▶ Exercise description: Lines to return, exactly: from the line with "在主要市場中,對越南出口占比" to the line with "Guests travelling with" in the entries below, both included.

▶ Material provided:
........
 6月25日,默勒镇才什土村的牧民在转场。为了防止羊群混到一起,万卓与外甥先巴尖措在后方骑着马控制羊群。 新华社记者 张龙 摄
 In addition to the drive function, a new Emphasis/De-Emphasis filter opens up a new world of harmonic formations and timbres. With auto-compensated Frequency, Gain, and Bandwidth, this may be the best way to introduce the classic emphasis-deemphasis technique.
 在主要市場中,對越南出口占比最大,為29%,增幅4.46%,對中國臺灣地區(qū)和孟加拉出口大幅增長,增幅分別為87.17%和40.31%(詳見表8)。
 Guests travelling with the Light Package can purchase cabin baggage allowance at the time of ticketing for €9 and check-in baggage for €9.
........
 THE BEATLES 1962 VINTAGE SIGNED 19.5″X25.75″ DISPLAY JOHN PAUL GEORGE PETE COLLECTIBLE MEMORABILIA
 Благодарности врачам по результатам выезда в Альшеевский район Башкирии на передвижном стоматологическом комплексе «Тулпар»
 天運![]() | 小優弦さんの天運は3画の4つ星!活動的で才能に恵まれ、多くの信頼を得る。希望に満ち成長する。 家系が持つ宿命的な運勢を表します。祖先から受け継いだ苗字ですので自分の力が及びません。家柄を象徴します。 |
........
▶ Answer to the exercise:
 在主要市場中,對越南出口占比最大,為29%,增幅4.46%,對中國臺灣地區(qū)和孟加拉出口大幅增長,增幅分別為87.17%和40.31%(詳見表8)。
 Guests travelling with the Light Package can purchase cabin baggage allowance at the time of ticketing for €9 and check-in baggage for €9.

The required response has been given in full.